◆ **DATA FOR PROCESSING**:
▬▬▬▬▬▬▬▬▬▬

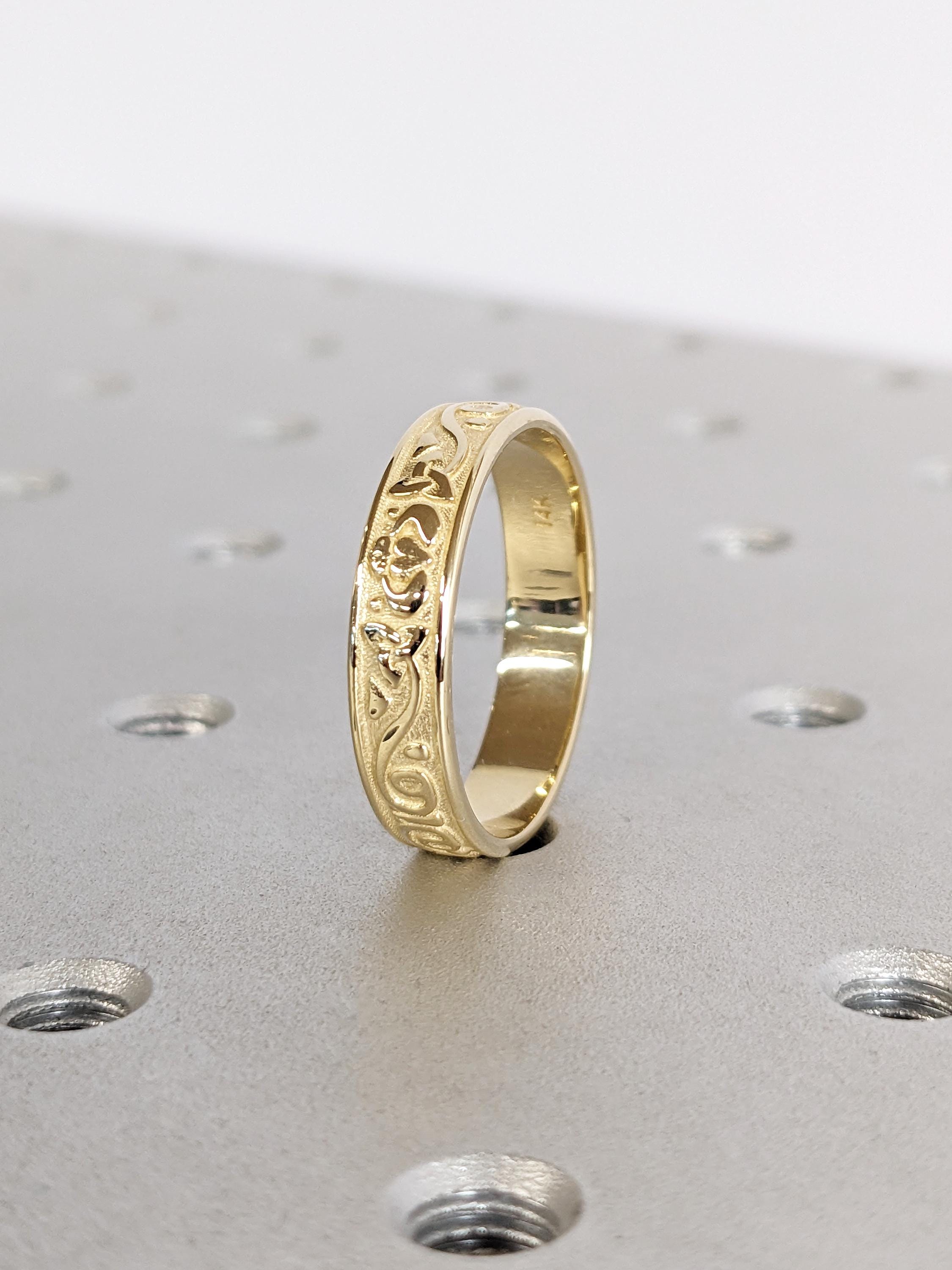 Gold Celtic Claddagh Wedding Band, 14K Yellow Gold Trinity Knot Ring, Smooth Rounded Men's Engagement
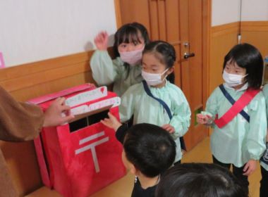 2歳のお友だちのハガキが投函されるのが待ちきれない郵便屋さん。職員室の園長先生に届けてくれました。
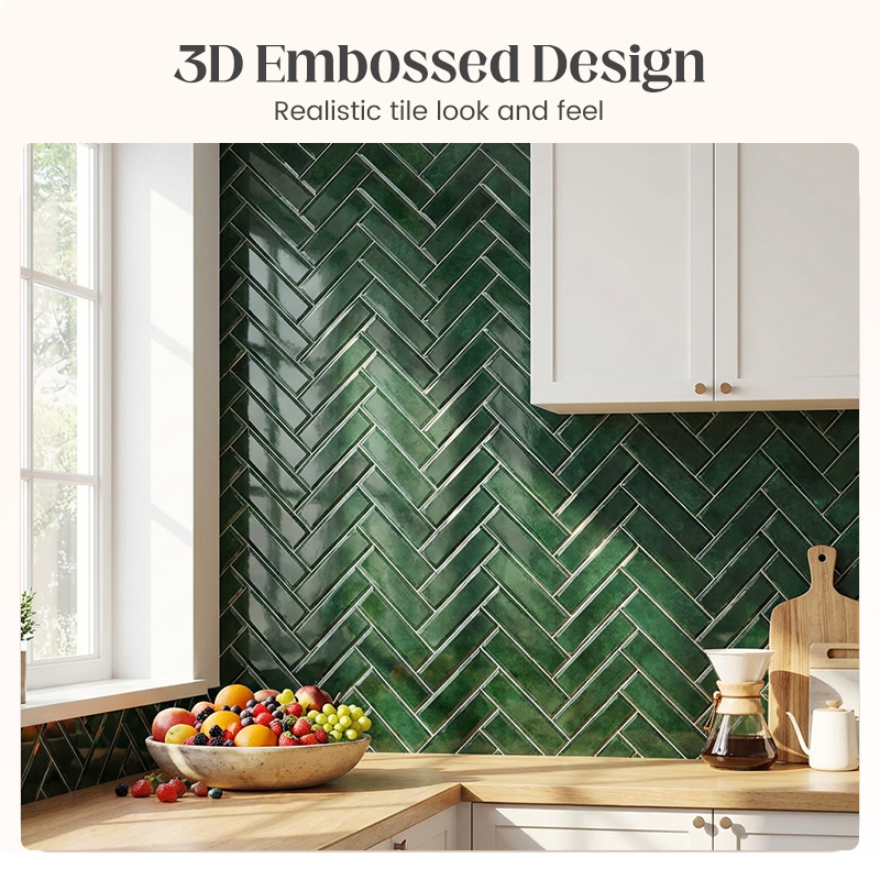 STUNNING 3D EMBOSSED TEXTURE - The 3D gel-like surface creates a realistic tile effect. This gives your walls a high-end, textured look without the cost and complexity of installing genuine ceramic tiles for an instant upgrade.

▬▬▬▬▬▬▬▬▬▬

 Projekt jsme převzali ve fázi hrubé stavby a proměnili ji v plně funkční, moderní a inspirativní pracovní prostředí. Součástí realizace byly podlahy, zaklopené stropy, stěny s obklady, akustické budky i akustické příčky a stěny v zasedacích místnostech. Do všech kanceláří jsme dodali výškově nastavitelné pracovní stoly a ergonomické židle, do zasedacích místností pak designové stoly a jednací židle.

▬▬▬▬▬▬▬▬▬▬

◆ **PROBLEM TO WORK ON**: Only one stretch of the entries above is needed: the lines from the one containing "Gold Celtic Claddagh" through the one containing "STUNNING 3D EMBOSSED". Copy it exactly, without the pictures.

◆ **YOUR SOLUTION**:
 Gold Celtic Claddagh Wedding Band, 14K Yellow Gold Trinity Knot Ring, Smooth Rounded Men's Engagement
 2歳のお友だちのハガキが投函されるのが待ちきれない郵便屋さん。職員室の園長先生に届けてくれました。
 STUNNING 3D EMBOSSED TEXTURE - The 3D gel-like surface creates a realistic tile effect. This gives your walls a high-end, textured look without the cost and complexity of installing genuine ceramic tiles for an instant upgrade.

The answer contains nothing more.